[Data supplied — start]
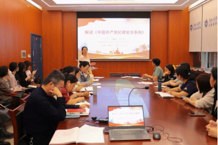 党总支组织开展学习新修订的《条例》专题学习,主讲人为学院党总支书记陈亚琼。
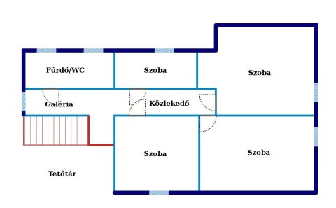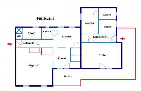 - nappali + 4 haló elrendezés, továbba a kisebbik lakrészben plusz egy szoba
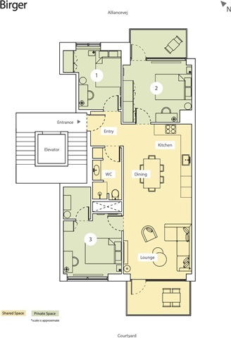 There is a nice green backyard with lots of bicycle parking.
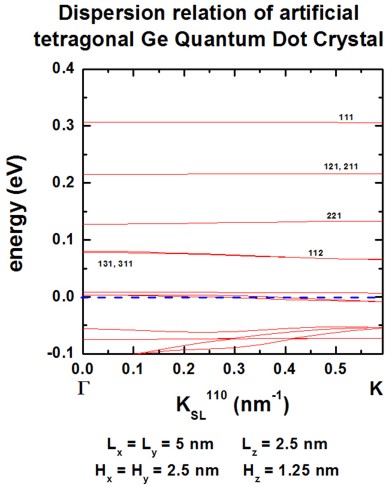 Figure 2.5.142 Superlattice dispersion along [110] for heavy-hole states in an artificial tetragonal Ge quantum dot crystal.
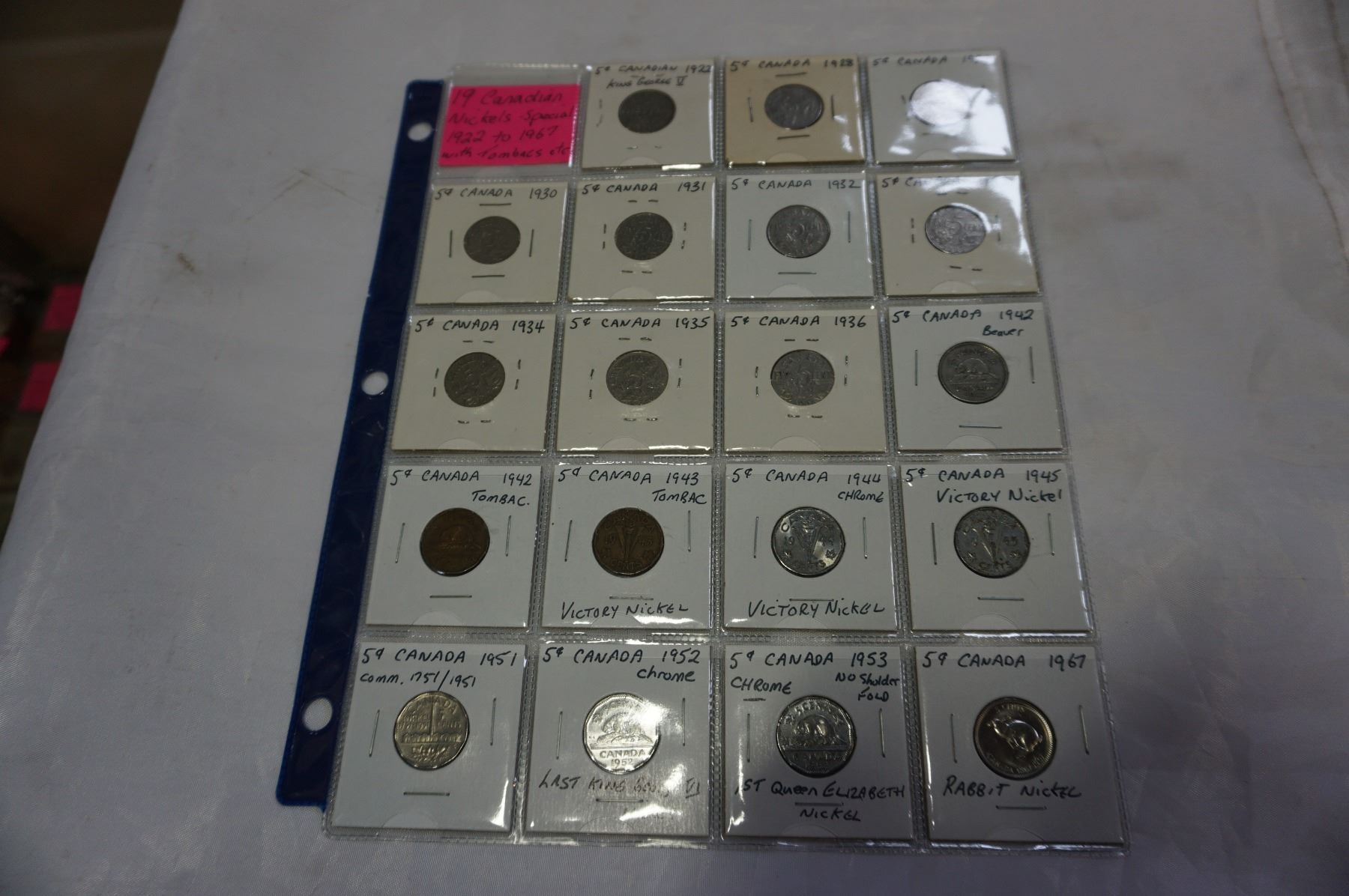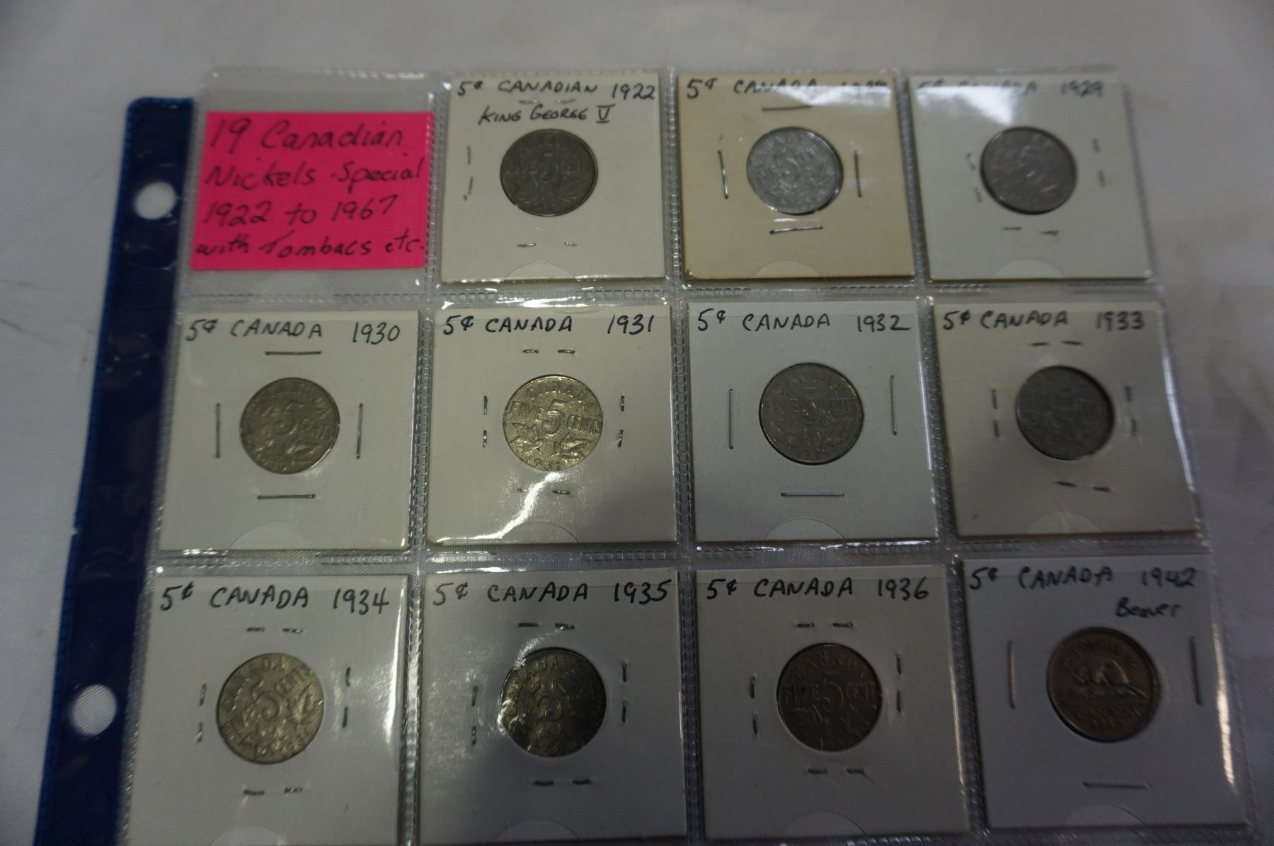 19 CANADIAN NICKELS 1922-1967 WITH KING GEORGE V, KING GEORGE VI, QUEEN ELIZABETH II WITH TOMBACS
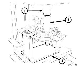 13. Place Remover/Installer (2) in the end of the hub (3). Lower the arbor press ram (1) and remove the hub from the bearing race.
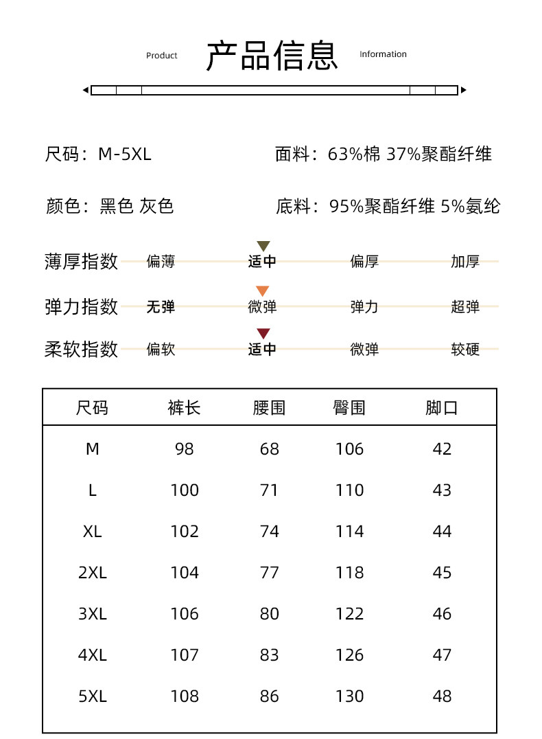 Outseam (cm) 99 cm 101.5 cm 104 cm 106.5 cm 109 cm
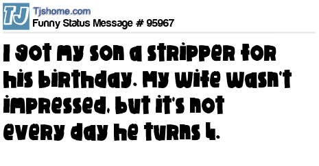 X says I got my son a stripper for his birthday. My wife wasn't impressed, but it's not every day he turns 4.
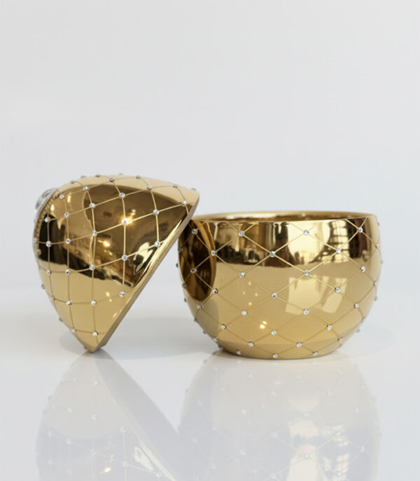 Made of ceramic with hot stamping printing and decorated with rhinestones, following the exclusive and elegant design line of this sophisticated collection.
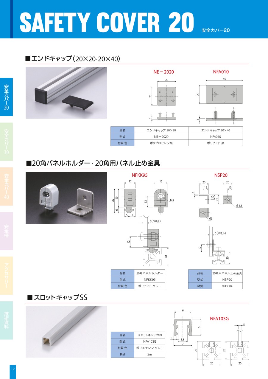 エンドキャップ(20シリーズ用)の型番NE-2020のページです。 型番NE-2020に関する仕様情報を記載しております。
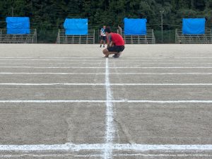 放課後は陸上部と生徒会が中心になってグラウンドのライン引き
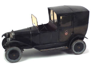 longueur 38 cm - fabrication de 1925-1927 - moteur à clef (fonctionne) - direction par le volant, phares électriques (à revoir) avec commande au tableau de bord & 2 portières ouvrantes - absence majeure de peinture sur les bandes de roulement des pneus - retouches plus ou moins importantes dont certaines très anciennes - quelques petits éléments non d'origine & d'autres manquants
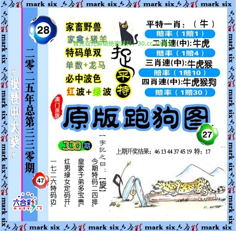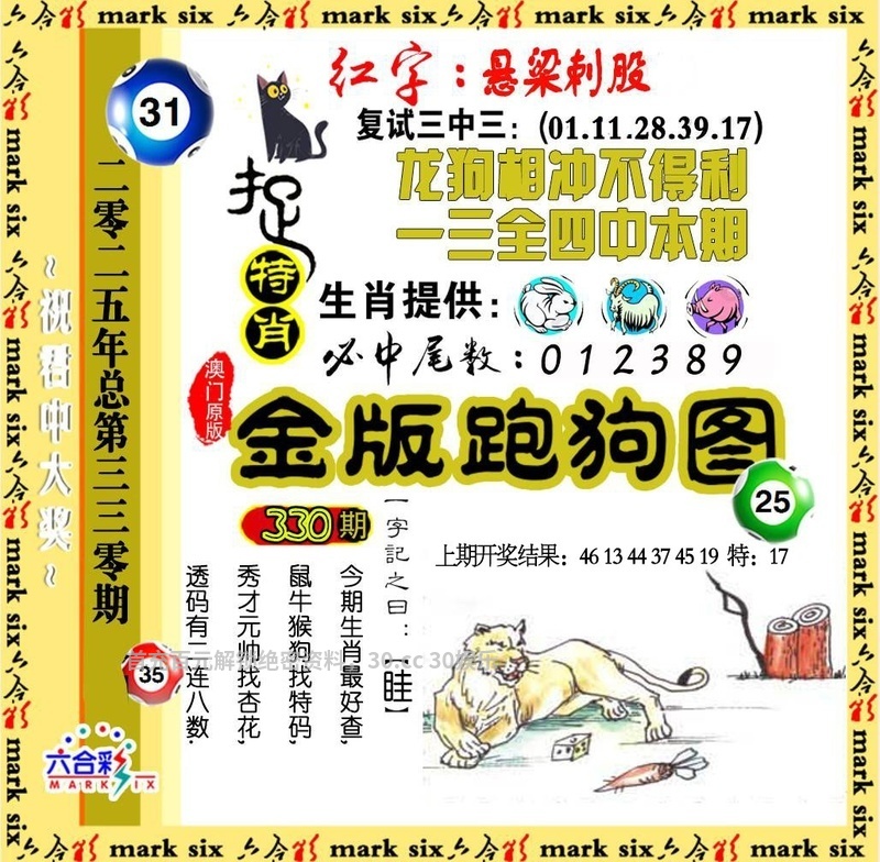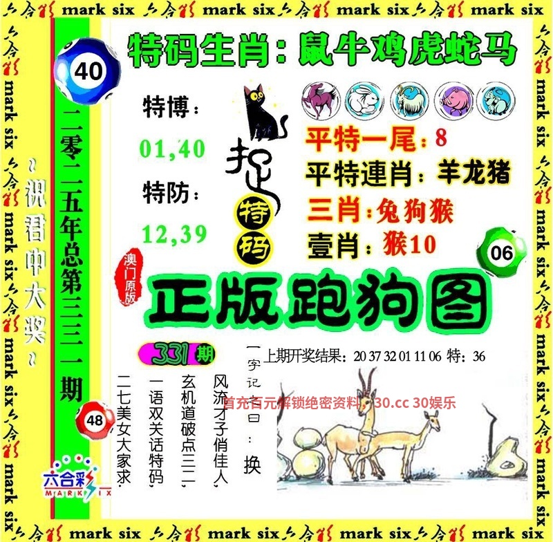 | 330期五肖 | 马龙鸡猴兔 | 开:马36 |
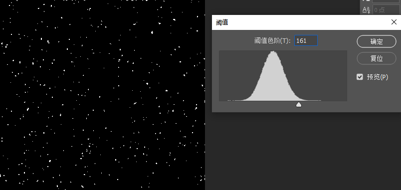 阈值:160左右上下都可以(有大小颗粒,颗粒之间的距离比较稀疏的就可以了)这样出来的烟花才有长短和大小变化哦,见4-2图;
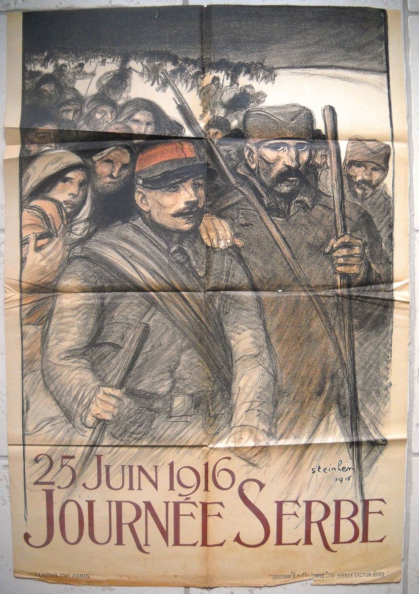 2 affiches : " La journée serbe, 23 juin 1916, anniversaire de la bataille de Kossovo " par Charles Fouqueray, Devambez imp. Paris, 114 x 80 cm, traces de plis, T.B.E. - " 25 juin 1916, journée serbe " par Théophile Alexandre Steinlen, Lapina imp. Paris, 118 x 81 cm, traces de plis et petits défauts, B.E. - Affiche à texte : " Journée serbe organisée à la demande du gouvernement de la république par le comité du secours national pour le dimanche 25 juin
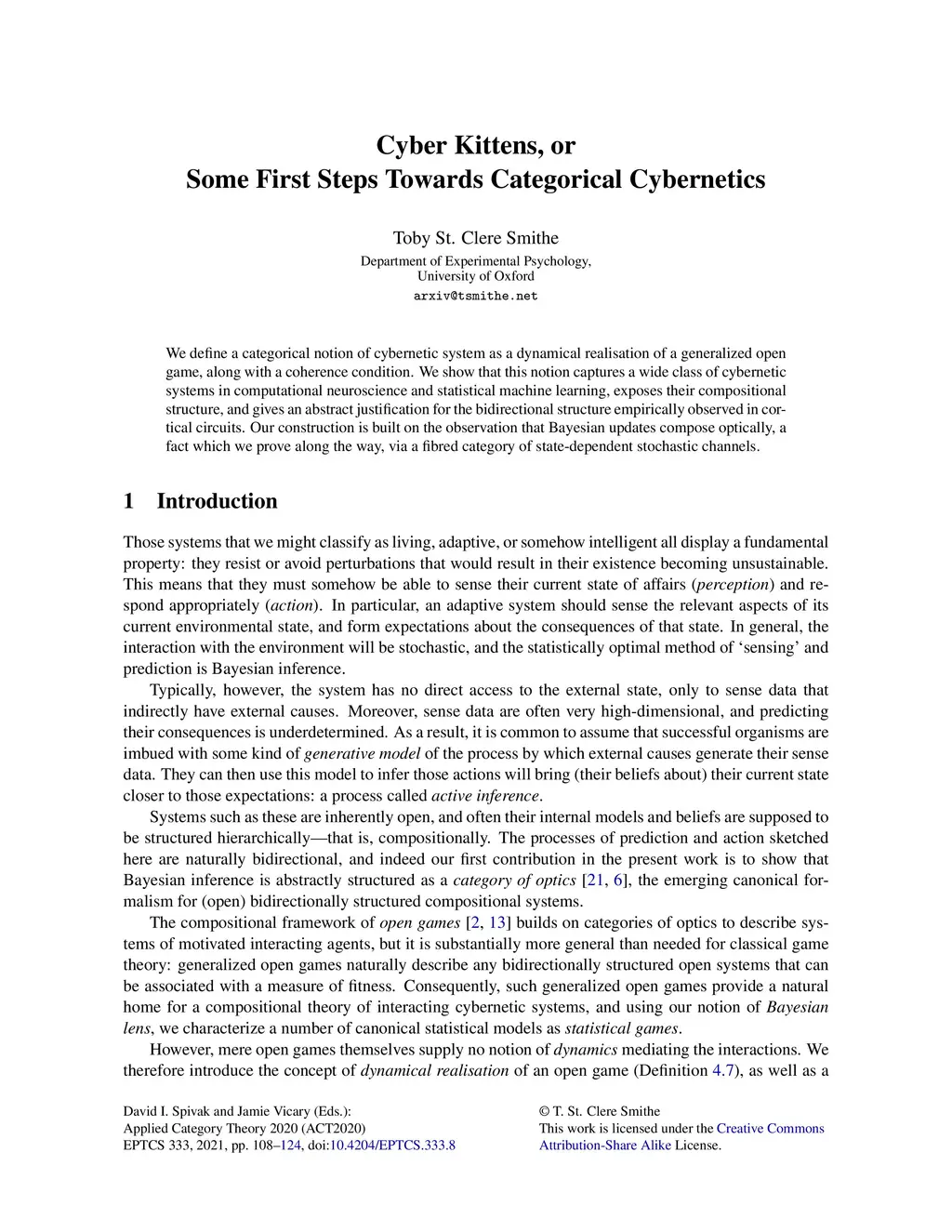 We define a categorical notion of cybernetic system as a dynamical realisation of a generalized open game, along with a coherence condition. We show that this notion captures a wide class of cybernetic systems in computational neuroscience and statistical machine learning, exposes their compositional structure, and gives an abstract justification for the bidirectional structure empirically observed in cortical circuits. Our construction is built on the observation that Bayesian updates compose optically, a fact which we prove along the way, via a fibred category of state-dependent stochastic channels.
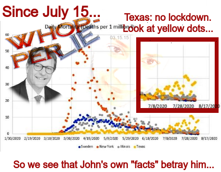 But from this comparison of “fish, to bicycles“… he comically “deduces” that a “no lockdowns” scenario, nationwide, would have saved us many net lives, in the US. The main problem is… in his own chartno less… he blithely ignores the Texas data — which (as his goofy doctor points out)… was (mostly) a no lockdowns approach.
[Data supplied — finish]
Your answer must be the exact lines from the records above, from the one containing "Figure 2.5.142 Superlattice" through the one containing "阈值:160左右上下都可以(有大小颗粒,颗粒之间的距离比", both included, with every picture left out.

Exercise output:
 Figure 2.5.142 Superlattice dispersion along [110] for heavy-hole states in an artificial tetragonal Ge quantum dot crystal.
 19 CANADIAN NICKELS 1922-1967 WITH KING GEORGE V, KING GEORGE VI, QUEEN ELIZABETH II WITH TOMBACS
 13. Place Remover/Installer (2) in the end of the hub (3). Lower the arbor press ram (1) and remove the hub from the bearing race.
 Outseam (cm) 99 cm 101.5 cm 104 cm 106.5 cm 109 cm
 X says I got my son a stripper for his birthday. My wife wasn't impressed, but it's not every day he turns 4.
 Made of ceramic with hot stamping printing and decorated with rhinestones, following the exclusive and elegant design line of this sophisticated collection.
 エンドキャップ(20シリーズ用)の型番NE-2020のページです。 型番NE-2020に関する仕様情報を記載しております。
 放課後は陸上部と生徒会が中心になってグラウンドのライン引き
 longueur 38 cm - fabrication de 1925-1927 - moteur à clef (fonctionne) - direction par le volant, phares électriques (à revoir) avec commande au tableau de bord & 2 portières ouvrantes - absence majeure de peinture sur les bandes de roulement des pneus - retouches plus ou moins importantes dont certaines très anciennes - quelques petits éléments non d'origine & d'autres manquants
 | 330期五肖 | 马龙鸡猴兔 | 开:马36 |
 阈值:160左右上下都可以(有大小颗粒,颗粒之间的距离比较稀疏的就可以了)这样出来的烟花才有长短和大小变化哦,见4-2图;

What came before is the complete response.